Items from a data source:
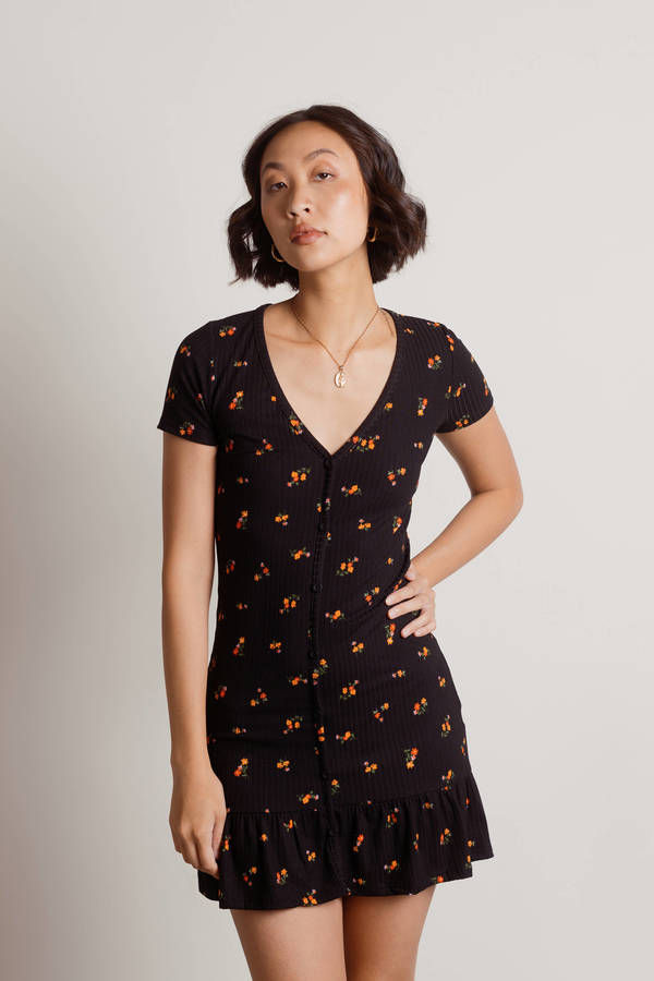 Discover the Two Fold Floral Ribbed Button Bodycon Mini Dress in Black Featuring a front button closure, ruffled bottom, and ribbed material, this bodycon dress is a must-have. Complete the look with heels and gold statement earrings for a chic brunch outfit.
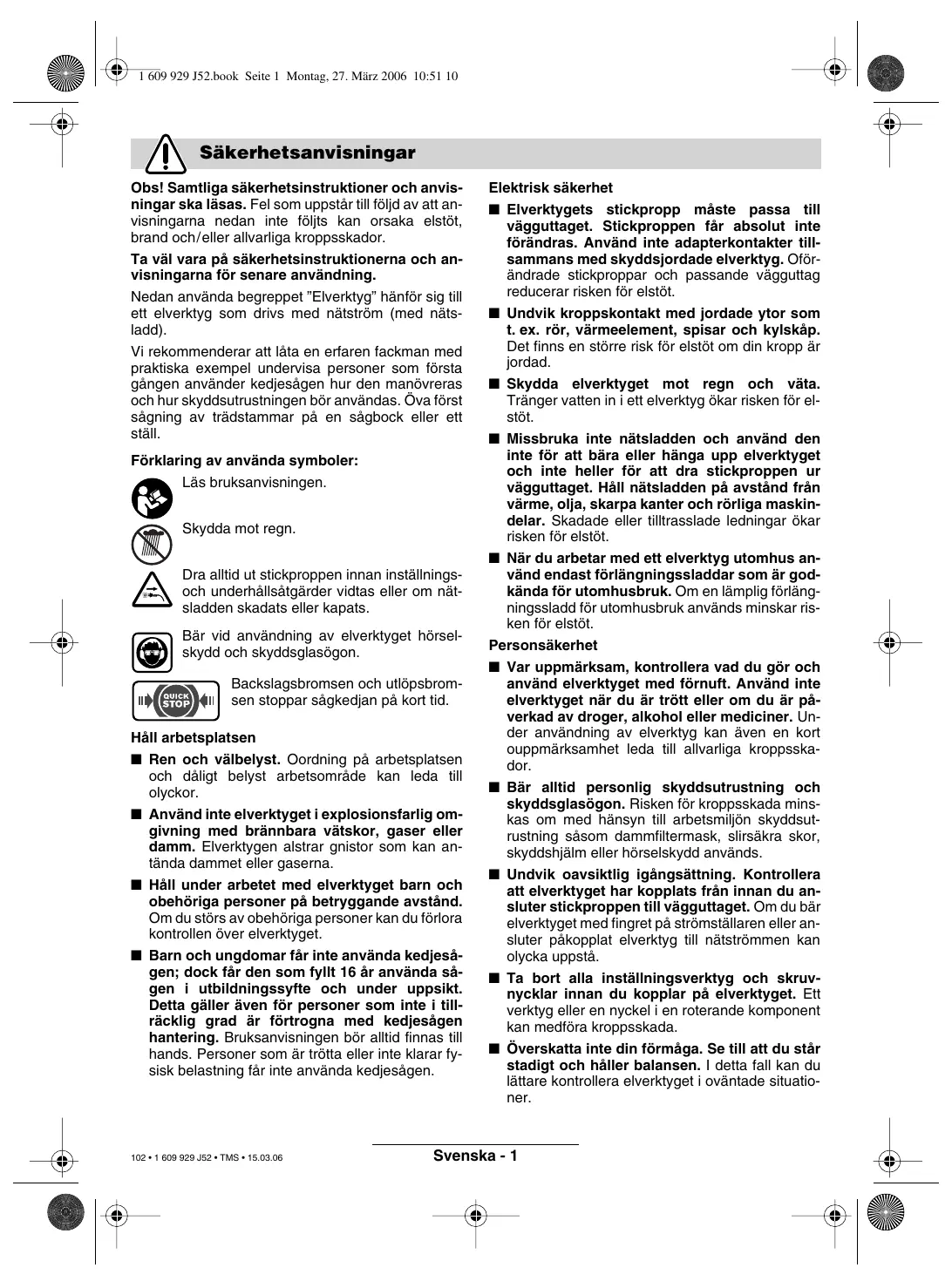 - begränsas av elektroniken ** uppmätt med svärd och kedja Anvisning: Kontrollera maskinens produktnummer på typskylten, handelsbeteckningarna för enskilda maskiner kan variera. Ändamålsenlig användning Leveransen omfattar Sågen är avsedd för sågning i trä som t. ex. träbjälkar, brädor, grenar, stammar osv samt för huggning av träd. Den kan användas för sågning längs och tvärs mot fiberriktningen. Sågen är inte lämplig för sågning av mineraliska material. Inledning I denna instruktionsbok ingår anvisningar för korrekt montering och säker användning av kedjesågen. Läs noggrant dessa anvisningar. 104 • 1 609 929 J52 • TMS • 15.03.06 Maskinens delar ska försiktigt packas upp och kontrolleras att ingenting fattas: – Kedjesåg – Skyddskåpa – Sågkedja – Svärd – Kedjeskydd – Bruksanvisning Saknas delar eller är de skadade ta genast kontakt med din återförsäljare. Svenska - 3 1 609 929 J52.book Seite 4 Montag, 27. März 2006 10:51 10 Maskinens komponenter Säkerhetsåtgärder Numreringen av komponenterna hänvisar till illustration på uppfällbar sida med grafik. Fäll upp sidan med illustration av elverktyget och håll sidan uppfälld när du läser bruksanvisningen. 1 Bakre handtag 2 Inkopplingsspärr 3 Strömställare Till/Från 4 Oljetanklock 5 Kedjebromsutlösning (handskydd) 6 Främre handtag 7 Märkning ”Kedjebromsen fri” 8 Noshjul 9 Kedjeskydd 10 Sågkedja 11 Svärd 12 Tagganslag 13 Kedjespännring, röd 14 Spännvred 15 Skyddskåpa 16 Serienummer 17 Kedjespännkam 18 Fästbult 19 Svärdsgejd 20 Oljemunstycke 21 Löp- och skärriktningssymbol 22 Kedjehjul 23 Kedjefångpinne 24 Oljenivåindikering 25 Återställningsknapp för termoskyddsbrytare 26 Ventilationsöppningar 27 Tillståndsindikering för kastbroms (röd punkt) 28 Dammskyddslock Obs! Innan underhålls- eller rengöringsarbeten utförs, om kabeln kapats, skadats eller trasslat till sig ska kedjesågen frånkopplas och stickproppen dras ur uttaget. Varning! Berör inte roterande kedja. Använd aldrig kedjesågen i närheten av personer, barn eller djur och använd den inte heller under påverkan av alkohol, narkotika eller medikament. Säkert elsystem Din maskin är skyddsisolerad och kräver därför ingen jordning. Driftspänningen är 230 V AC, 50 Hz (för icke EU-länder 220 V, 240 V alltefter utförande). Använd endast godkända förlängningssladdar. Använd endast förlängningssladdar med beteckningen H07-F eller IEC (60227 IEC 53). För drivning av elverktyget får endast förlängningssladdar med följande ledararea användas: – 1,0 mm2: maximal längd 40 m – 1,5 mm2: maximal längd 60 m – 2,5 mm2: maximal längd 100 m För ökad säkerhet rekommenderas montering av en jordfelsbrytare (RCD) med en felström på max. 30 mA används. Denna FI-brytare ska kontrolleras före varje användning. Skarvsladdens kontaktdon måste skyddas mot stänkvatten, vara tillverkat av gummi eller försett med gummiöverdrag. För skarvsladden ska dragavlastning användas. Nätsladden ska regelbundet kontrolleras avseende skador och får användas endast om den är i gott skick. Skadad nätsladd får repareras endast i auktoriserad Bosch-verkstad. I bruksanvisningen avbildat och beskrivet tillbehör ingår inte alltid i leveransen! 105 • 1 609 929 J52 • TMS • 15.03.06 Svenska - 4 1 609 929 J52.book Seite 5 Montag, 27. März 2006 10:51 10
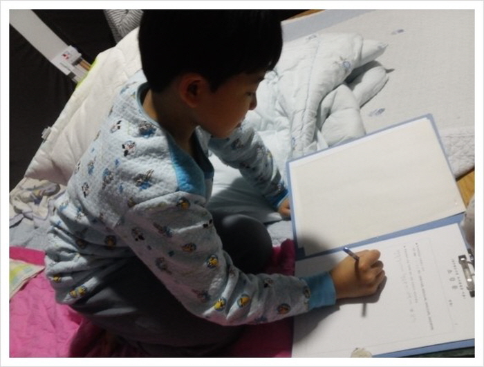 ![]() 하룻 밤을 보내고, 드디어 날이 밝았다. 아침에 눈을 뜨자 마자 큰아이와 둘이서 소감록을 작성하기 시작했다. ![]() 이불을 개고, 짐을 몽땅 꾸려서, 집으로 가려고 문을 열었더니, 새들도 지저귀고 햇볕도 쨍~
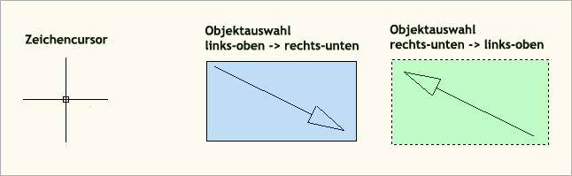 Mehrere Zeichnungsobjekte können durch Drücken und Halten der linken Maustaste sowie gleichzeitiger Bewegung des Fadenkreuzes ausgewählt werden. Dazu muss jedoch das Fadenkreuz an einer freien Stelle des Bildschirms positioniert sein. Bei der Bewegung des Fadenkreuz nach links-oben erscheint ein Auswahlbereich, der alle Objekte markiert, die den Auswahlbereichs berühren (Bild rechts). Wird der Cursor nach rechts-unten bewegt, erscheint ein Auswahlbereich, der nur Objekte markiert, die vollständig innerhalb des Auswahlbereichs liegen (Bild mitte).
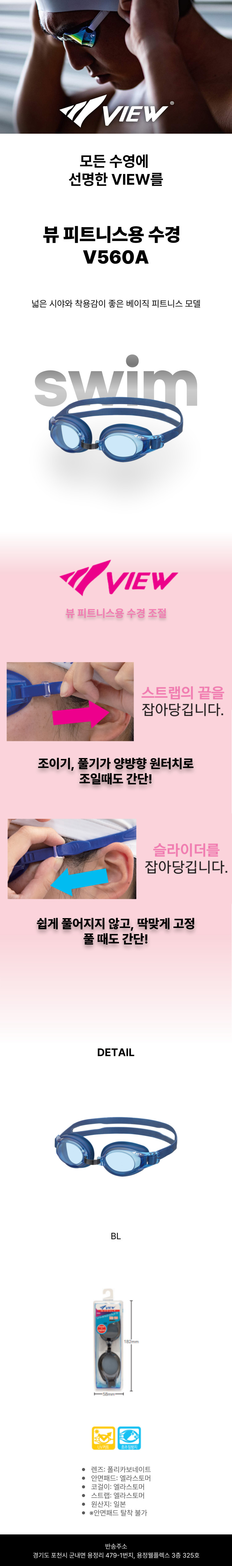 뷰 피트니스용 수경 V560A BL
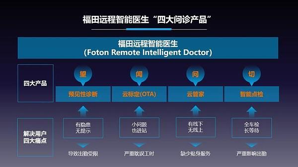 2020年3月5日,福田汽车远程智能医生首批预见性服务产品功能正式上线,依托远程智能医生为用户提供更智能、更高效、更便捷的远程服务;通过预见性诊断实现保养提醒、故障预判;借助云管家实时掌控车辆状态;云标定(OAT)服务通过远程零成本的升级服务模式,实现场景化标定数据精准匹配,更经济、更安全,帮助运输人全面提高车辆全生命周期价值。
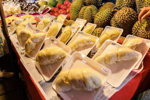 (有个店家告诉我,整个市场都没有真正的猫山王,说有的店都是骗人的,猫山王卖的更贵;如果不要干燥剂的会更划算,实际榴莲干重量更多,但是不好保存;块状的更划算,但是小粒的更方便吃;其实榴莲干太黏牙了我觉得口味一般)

Description of the task:
Without the pictures, transcribe exactly the lines above from the one containing "2020年3月5日,福田汽车" through the last.

Completed exercise:
 2020年3月5日,福田汽车远程智能医生首批预见性服务产品功能正式上线,依托远程智能医生为用户提供更智能、更高效、更便捷的远程服务;通过预见性诊断实现保养提醒、故障预判;借助云管家实时掌控车辆状态;云标定(OAT)服务通过远程零成本的升级服务模式,实现场景化标定数据精准匹配,更经济、更安全,帮助运输人全面提高车辆全生命周期价值。
 (有个店家告诉我,整个市场都没有真正的猫山王,说有的店都是骗人的,猫山王卖的更贵;如果不要干燥剂的会更划算,实际榴莲干重量更多,但是不好保存;块状的更划算,但是小粒的更方便吃;其实榴莲干太黏牙了我觉得口味一般)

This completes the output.